While individually specific physiological measures provide an objective means to address the effects associated with human trauma(s) and fear, how the process is conducted and what is measured requires considering some critical issues. The classical teaching of physiological response based on neural pathways, implying that the innervation is sufficient to predict behavior, is significant. For instance, it is commonly assumed that the sympathetic nervous system (SNS) and parasympathetic nervous system (PNS) branches of the ANS respond uniformly to a common stimulus across individuals. Typically not taught is that, in humans, known SNS and PNS innervation does not preclude objectively measured physiological responses that are inconsistent with such beliefs [44–45]. Over 30 years of multiple personally conducted, computer-based physiologic measures of human responses demonstrate that individual patterns of response not only occur but are common. Furthermore, confounding our understanding are analyses of past research that are based on assumptions inconsistent with more recent multidisciplinary research demonstrating that cardiovascular and respiratory function can be affected by three, not two, neurological pathways [46–52]. The newer findings affect many prior studies that infer ANS-based measures without neurophysiological differentiation as to whether the overt behavior represented "freeze," "fight or flight," or "relaxation." What confounds understanding for such a relationship is that, as illustrated by the fear conditioning research, the cortex need not be involved for there to be physiologic response(s). Animal studies of time-series recordings indicate that the amygdala, limbic system, and downstream organ responses occur before the cortex is involved. Adding to the problem is that in fear conditioning, CRs do not differentiate those elicited by the conditioned stimulus and those acquired through learning [7]. Specifically, how can it be known whether an overt behavior is cognitively mediated? Again, objective recordings provide a means to move beyond inferred assumptions or beliefs that are not based in science.

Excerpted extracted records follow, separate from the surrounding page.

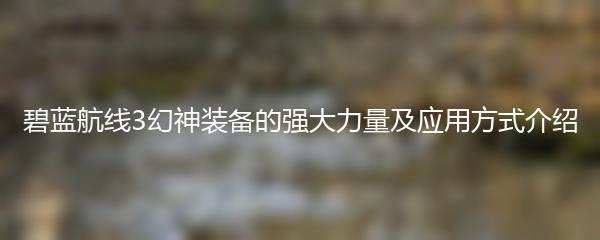碧蓝航线3幻神装备的强大力量及应用方式介绍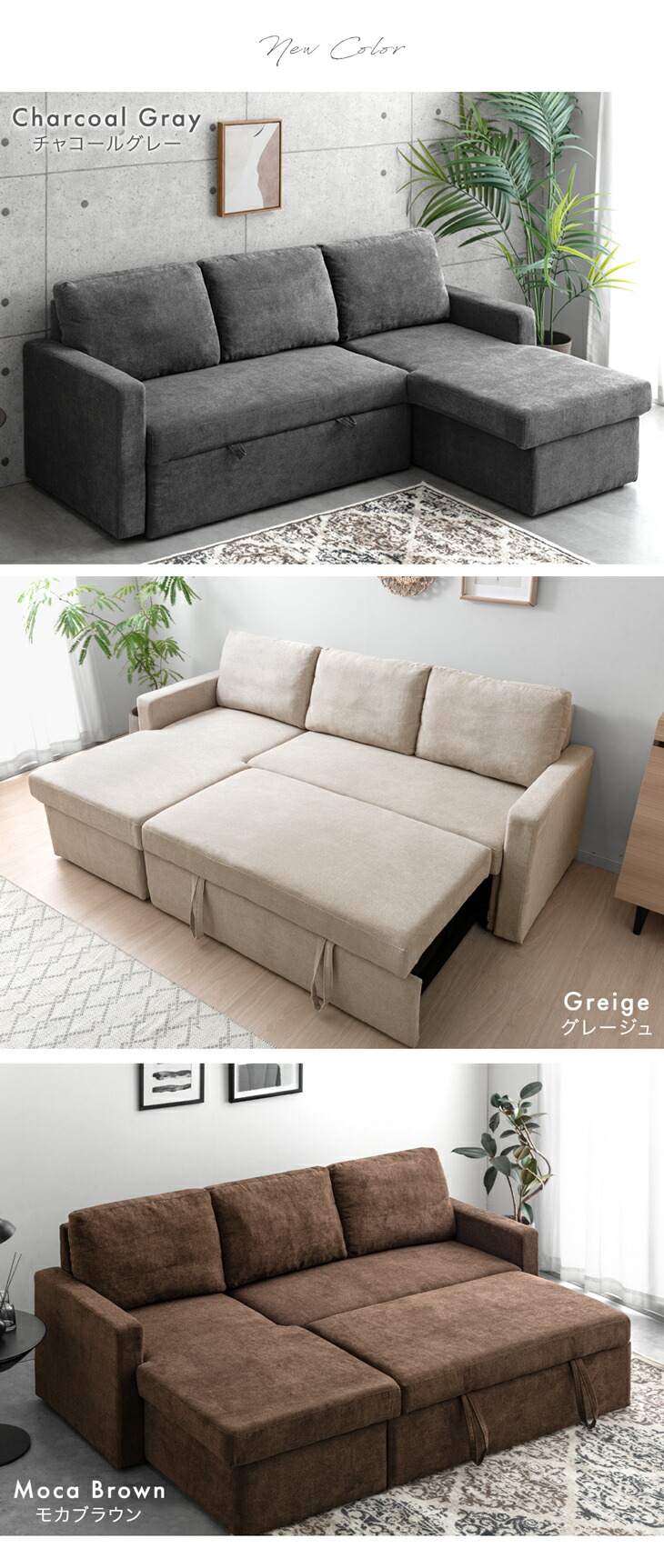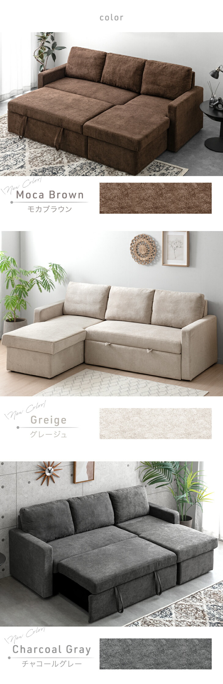 [カラー] グレージュ、モカブラウン、チャコールグレー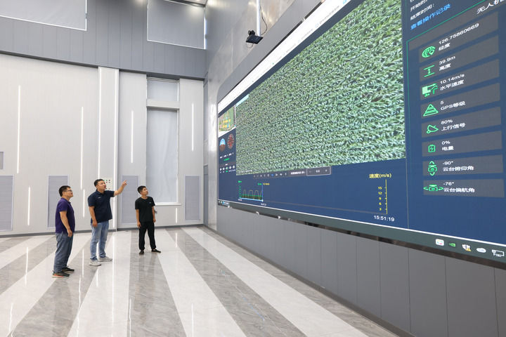 在黑龍江北大荒集團趙光農(nóng)場有限公司科技服務中心,農(nóng)業(yè)科技人員通過田間物聯(lián)網(wǎng)系統(tǒng)在數(shù)字農(nóng)業(yè)指揮大廳實時觀看智能無人機回傳的視頻,及時查看田間作物長勢情況(2024年7月22日攝)。新華社發(fā)(錢泊羽攝)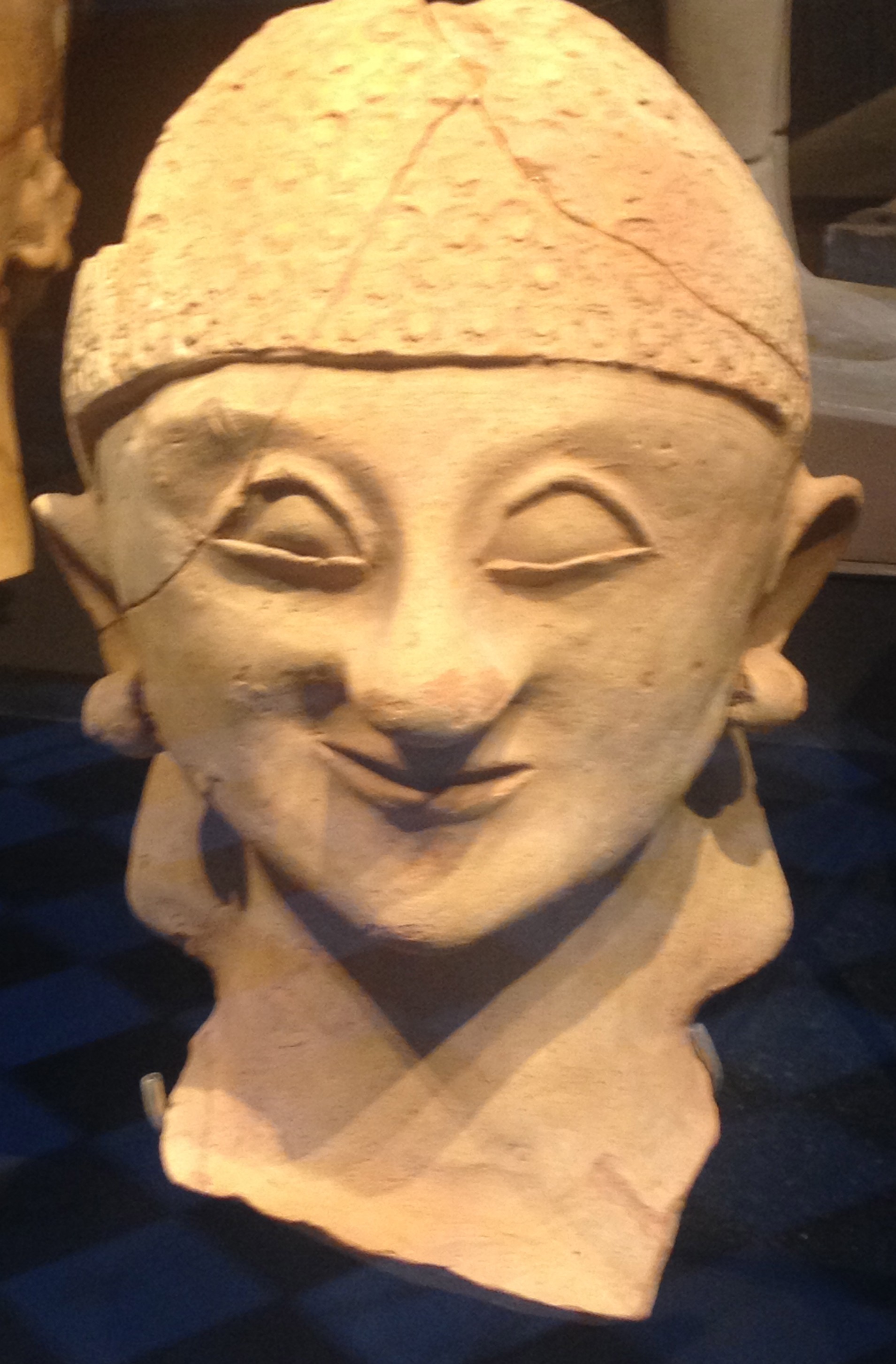 Huvudet till vänster är en krigare från 650-500 f Kr, från utgrävningarna i Aija Irini.

What remains reliable is that patterns of physiologic response can be observed both with and without the individual–s awareness of their response(s). When recording is conducted without the individual knowing what is being recorded, their verbal report is usually inaccurate for the response or its direction. Most often, he or she verbally reports that he or she does not know and is unable to determine the answer to such question(s). Some individuals guess more accurately but do so without great confidence in their answer. Clearly, verbal recall alone is insufficient to establish the veracity of the individual–s physiologic response. Parenthetically, prediction of physiologic response(s) based on overt behavior is no more reliably predicted by an observer. What can be demonstrated and is of importance is that whether the individual or the observer knows "whether" or "what" response has occurred does not prevent time- and contextual-based stimulus-response relationships from being objectively established [53–54]. The simultaneous measurement of multiple physiological measures is required to demonstrate such complex phenomena. That the individual–s responses can vary for specific stimuli and contexts reinforces the need for multiple repeated systematic physiological measurements [44–55]. Such multiple objective measures provide a truly efficacious means to identify individual responses to a given stimulus, both within and across contexts. Thus, the false rejection of existing stimulus-response relationships that is based on a single physiologic measure is avoided. Such response variations are not unique or restricted to those individuals with trauma- or fear-based histories. Simply put, neural pathways, including those for the ANS, are insufficient to predict individual physiological organ response to stimulus, within or across contexts. Thus, recording multiple time- and context-specific physiologic stimulus measures provides greater objectivity for both assessment and treatment. The benefits of establishing multiple objectively recorded physiological measures seem straightforward. What is hoped for is that the obvious benefit of these measures moves assessment and treatment conceptualization beyond reliance on the absence of behavior.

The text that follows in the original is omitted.